I'm on the fence too. I lean heavily toward her parents not being involved, but we simply don't know either way.
 
http://www.tampabay.com/news/courts/article739814.ece

There have been updates in the case, they are looking at someone else and he was friends with Willie Crane (Amanda Brown case) OMG.:eek::eek::eek:

I never realized that Amanda Brown disapeared just 10 months after Sabrina Aisenberg did. I really think there is more of a connection between this Scott guy they are looking at and Willie Crane then they are saying. JMO.
 
http://www.tampabay.com/news/courts/article739814.ece

There have been updates in the case, they are looking at someone else and he was friends with Willie Crane (Amanda Brown case) OMG.:eek::eek::eek:

I never realized that Amanda Brown disapeared just 10 months after Sabrina Aisenberg did. I really think there is more of a connection between this Scott guy they are looking at and Willie Crane then they are saying. JMO.

Yes, I woke to hearing this news and read the article. But I'm not seeing a motive for why this guy would take Sabrina. She was a baby so sexual motivation would be rather low.

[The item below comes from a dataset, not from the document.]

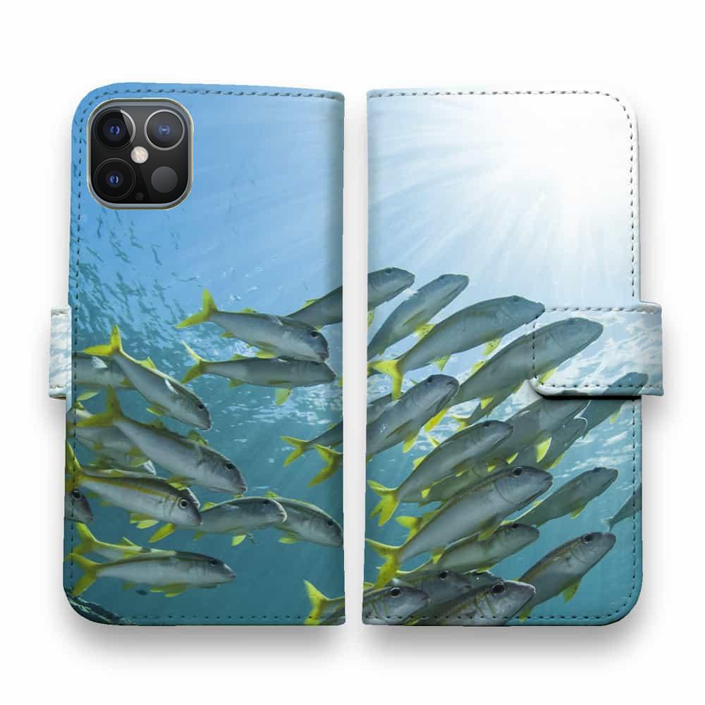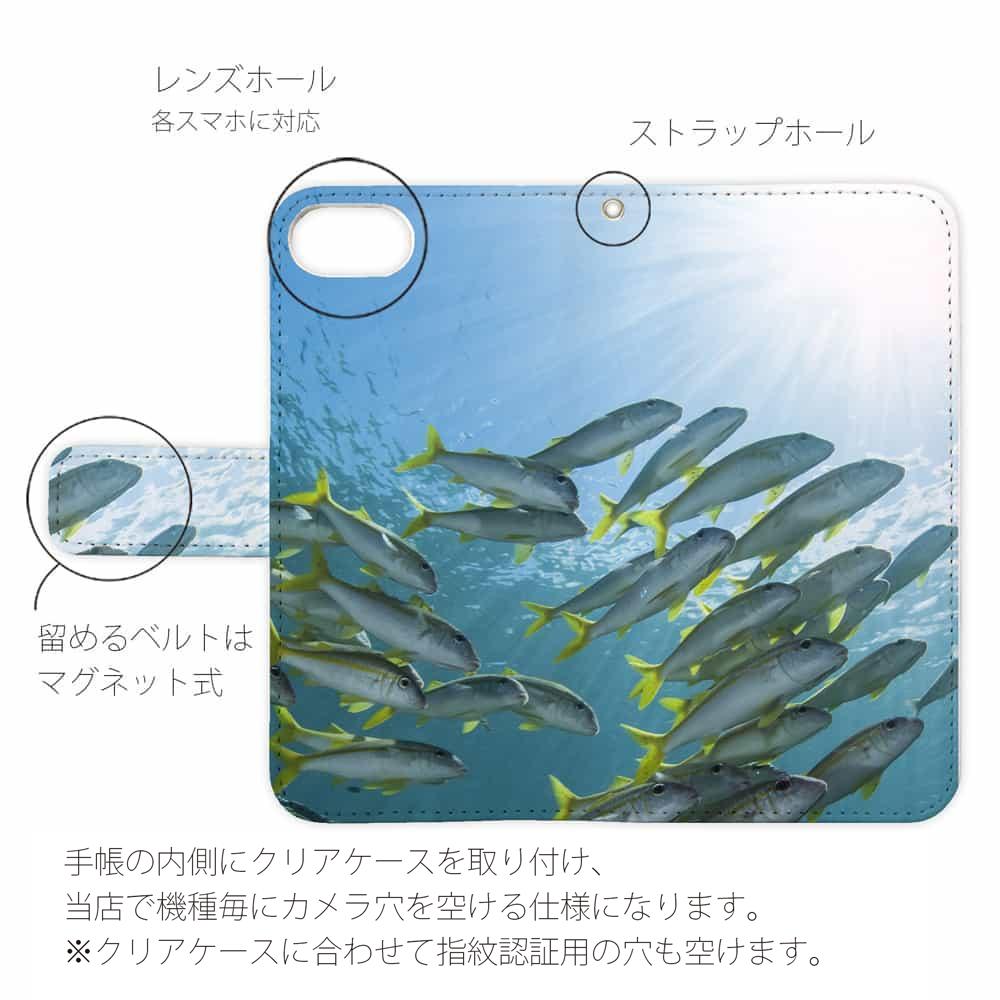 手帳型ケースは、高級人工革(外側)にUV印刷を施し、内側ではハードケースまたはTPUケースでスマートフォンをしっかりと保護します。

I'm sure there is more to it than LE is saying though. They have been tracking him for a reason. So they must have pretty good reasons as to why he would be a suspect.

The only connection they give to Willie Craine is boating. I don't take much stock in that at face value. Unless, again, there is more to it than what is being said.

My Husband manages a Marina. He knows all the local boaters. From the shrimpers to the yacht owners. And everyone in between.

LE seems to think that Scott bought the boat from the Aisenbergs. But neighbors can't recall them ever owning one.

This case remains one of our biggest, local mysteries and I so hope that it can be solved some day.
 
Cohen has a history of bad blood with the Sheriff’s Office over the Aisenberg case. I can't believe that this true.

Cohen’s take?
“It’s called confabulation,” he said. “It’s putting facts in the story to make it fit.” He says the Aisenbergs never owned a boat.
Friday evening at the Pinellas County Jail, where he is being held on unrelated federal charges, Overbeck, 44, told Cohen he played no role in the baby’s disappearance, Cohen said. Overbeck said he had followed the Aisenberg case when it first broke. As years passed without any answers regarding Sabrina’s whereabouts, Overbeck said he began to wonder if a boat he had purchased without official paperwork from a woman in Valrico the week before the baby vanished might have played a role in the case.
The boat seemed like it had gotten an overhaul, Overbeck told Cohen. And he thought it had space enough at the front to hide a baby’s body.
“Just a hunch,” he said in his statement. “There’s no fact to it.” Overbeck said he mentioned the possibility once to Tranquillo, Cohen’s investigator. “He told me I was crazy,” Overbeck recalled.
 
He bought a boat with the body in it....instead of reporting he chops it up and puts it into the bay? This dosn't make sense. I hate to say it but none of this story makes sense.